I grew up dipping, since the only available recordings were 78s, of which my father possessed quite few (only the Ring). I listened to lengthy broadcasts from Bayreuth and Covent Garden on the extension loudspeaker in the kitchen though (the front room was reserved for the new television), and waited for the juicy bits, as I had little idea what they were singing, despite having read Shaw on the subject. Later experiences in the opera house and on record have tended to prove the truism that great Wagner singers no longer exist. So I eke out a borderline existence, occasionally going to so-so performances in weird counter-intuitive productions (great fun if you do not care for the music), dipping into ancient recordings and wishing I could be back in Covent Garden or the Met in '36 or '40. With Lohengrin & Co. I have always been a dipper: the most melodious and ambivalent dramatic passage Wagner ever wrote is the whole sequence with Ortrud and Elsa in the second act, and there is only one recording, that with  Margarete Klose and Maria Müller in a live 1943 performance which has been handed down to us thanks to radio, and for my Lohengrin experience I dip into this, not bothering with the rest of the work (except when I put on The Marx Brothers at the Circus, at the end of which the unspeakable prelude to Act III is played as the musicians drift out to sea while the brothers monkey about on the stage). Ortrud is my favourite Wagner character, and this bit is all you need. I also, as an afterthought, enjoy the Vorspiel (which translates from German as "foreplay", believe it or not) of Rheingold, and that might fairly be regarded as a description of (skinny-) dipping.
The Violin's Obstinacy

It needs to return to this one note,
not a tune and not a key
but the sound of self it must depart from,
a journey lengthily to go
in a vein it knows will cripple it.
...
Peter Porter

Karl Henning

Quote from: mjwal on June 11, 2012, 07:59:29 AM
. . . (which translates from German as "foreplay", believe it or not) . . . .

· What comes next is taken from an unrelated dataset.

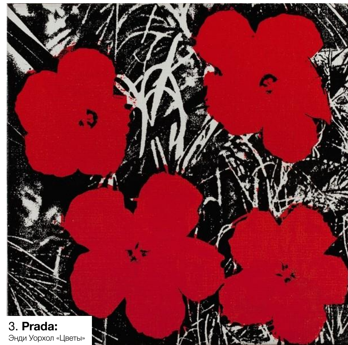
3. Prada: Энди Уорхол «Цветы»

It's something of a social accident, I suppose, that foreplay has come to be associated specifically with sex (similarly, it is a sad thing that the pure adjective gay is forever lost to American English).  But of course, that is the etymology for præludium.
Karl Henning, Ph.D.
Composer & Clarinetist
Boston MA
http://www.karlhenning.com/
[Matisse] was interested neither in fending off opposition,
nor in competing for the favor of wayward friends.
His only competition was with himself. — Françoise Gilot

Karl Henning

[ In titling this thread, I confess to having had a certain Ealing comedy in the back of my alleged mind. ]
Karl Henning, Ph.D.
Composer & Clarinetist
Boston MA
http://www.karlhenning.com/
[Matisse] was interested neither in fending off opposition,
nor in competing for the favor of wayward friends.
His only competition was with himself. — Françoise Gilot

springrite

I have been Wagner-Soaking lately...
Do what I must do, and let what must happen happen.

nico1616

Funny topic, since I recognize myself  :D
The only Wagner opera I can listen to for hours and hours is Die Meistersinger.

A night in the opera house with Tristan or Die Walküre seems to last forever. Wagner is a composer for whom the highlights CDs were invented  ;D
The first half of life is spent in longing for the second, the second half in regretting the first.